Reklama

"Przyjaciele" nie powrócą

Courteney Cox jest zaskoczona ostatnimi doniesieniami na temat kontynuacji losów bohaterów serialu "Przyjaciele" na dużym ekranie i twierdzi, że nic jej nie wiadomo o takich planach.
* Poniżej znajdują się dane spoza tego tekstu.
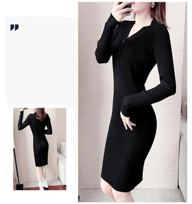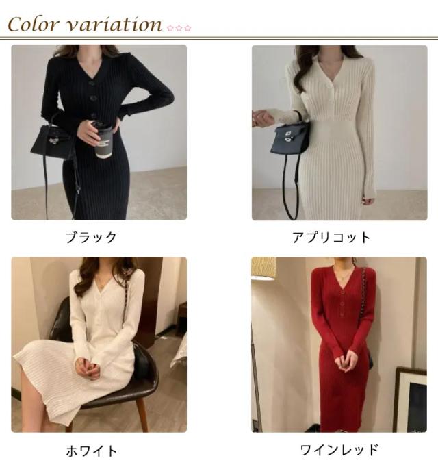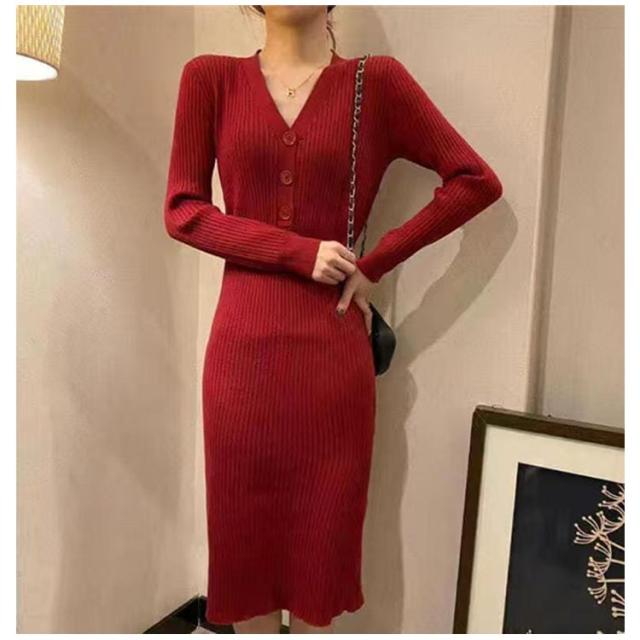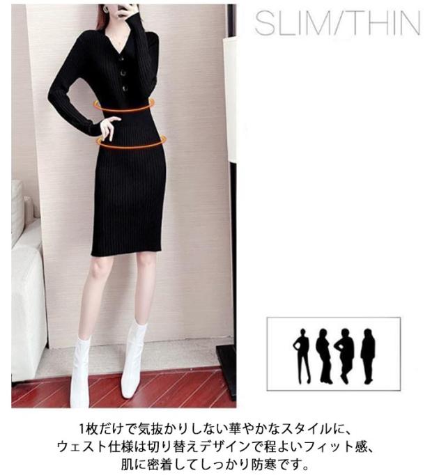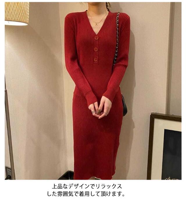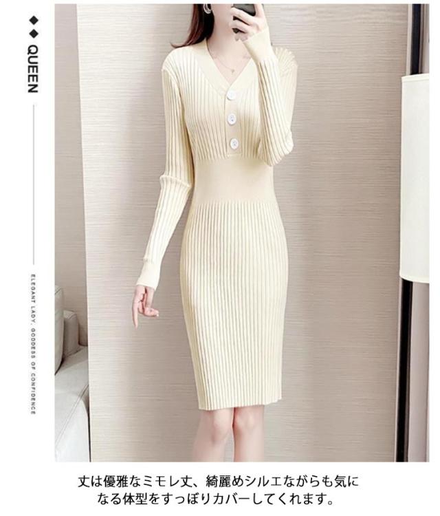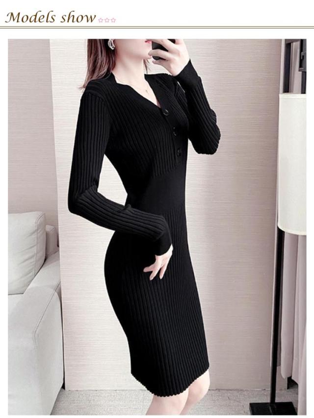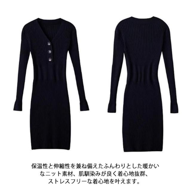 無地 タイト ニットワンピース ワンピース レディース 秋冬 通学 セーター シンプル 着?せ Vネック 大人 女性 きれいめ ロング 可愛い リブニット ボタン ミモレ丈 フェミニン 韓国 切り替え 秋冬 かわいい 通勤 タイト ギフト

Spekulacje na temat powstania filmowej wersji "Przyjaciół" nie cichną od 2004 roku, kiedy po 10 sezonach zakończono zdjęcia do tego serialu. Ostatnio podsycił je jeden z członków obsady tego sitcomu - James Michael Tyler, który ogłosił, że szóstka serialowych znajomych wkrótce powróci na dużym ekranie.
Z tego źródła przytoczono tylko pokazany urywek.